NEW The app beta is live! Join now to get early access!
Second Brain

Learner: Wiki Ingest

Processes raw material into atomic wiki pages. Extracts knowledge units, creates pages, archives the source, and updates the index. Knowledge accumulates across sessions.

What this skill does

Turn raw material (article, transcript, notes) into atomic wiki pages. The skill extracts knowledge units, creates or updates pages in Wiki/pages/, archives the source in Wiki/_processed/, and updates index.md and log.md.

Karpathy pattern: knowledge accumulates across sessions. Each ingest enriches the existing artifact — never recreates it from scratch.

How it works

Each piece of material you process doesn’t just land in a folder — the skill breaks it into atomic pages, one claim per page. Pages link to each other and back to their source. The wiki grows as a network, not a pile of files.

Karpathy pattern at the core: the same insight processed a second time gets enriched, not duplicated.

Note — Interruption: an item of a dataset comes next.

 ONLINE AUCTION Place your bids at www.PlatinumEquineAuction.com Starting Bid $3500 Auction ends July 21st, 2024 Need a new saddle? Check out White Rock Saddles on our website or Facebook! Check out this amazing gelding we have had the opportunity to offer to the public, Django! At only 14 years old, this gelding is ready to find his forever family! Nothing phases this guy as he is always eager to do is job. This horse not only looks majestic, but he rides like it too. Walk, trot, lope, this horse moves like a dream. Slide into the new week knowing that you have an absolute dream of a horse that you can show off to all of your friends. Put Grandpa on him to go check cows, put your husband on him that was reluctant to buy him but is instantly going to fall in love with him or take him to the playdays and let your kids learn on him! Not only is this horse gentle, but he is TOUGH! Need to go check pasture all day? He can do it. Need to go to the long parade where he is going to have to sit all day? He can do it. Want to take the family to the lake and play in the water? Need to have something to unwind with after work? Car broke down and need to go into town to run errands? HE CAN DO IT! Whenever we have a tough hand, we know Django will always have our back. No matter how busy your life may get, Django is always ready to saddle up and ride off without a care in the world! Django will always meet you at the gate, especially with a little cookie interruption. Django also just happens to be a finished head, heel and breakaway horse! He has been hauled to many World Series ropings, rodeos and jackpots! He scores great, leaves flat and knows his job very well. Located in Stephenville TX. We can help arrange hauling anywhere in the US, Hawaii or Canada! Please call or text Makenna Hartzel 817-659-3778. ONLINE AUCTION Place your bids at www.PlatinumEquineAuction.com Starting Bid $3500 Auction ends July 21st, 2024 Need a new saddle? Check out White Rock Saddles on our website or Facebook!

Every ingest makes the existing pages denser.

What you get

  • A knowledge base that stays queryable — not a graveyard of saved links
  • Every source archived alongside a map of what was extracted from it
  • Atomic pages you can reference and build on across any number of sessions

Works with

Pair with learner-wiki-query to ask questions across everything you’ve built.

Skill file

---
name: learner-wiki-ingest
description: 'Processes raw material (pointed file / dump zone / source item) into atomic wiki pages: extracts knowledge units, creates and updates pages in `{PAGES}`, archives the source in `{PROCESSED}`, updates `index.md` and `log.md`. Run ONLY on explicit user command (`/learner-wiki-ingest` or a clear request to ingest into the wiki) — processing can take a while, so it should be intentional, not auto-triggered by a mere mention of material. Works in a workspace containing a wiki folder.'
argument-hint: "[optional: file path or source name]"
---

# Learner Wiki Ingest — raw material → atomic wiki pages

You are the **user's wiki librarian**. You take raw material, extract atomic knowledge units from it, and weave them into the existing page network — creating new pages or enriching existing ones.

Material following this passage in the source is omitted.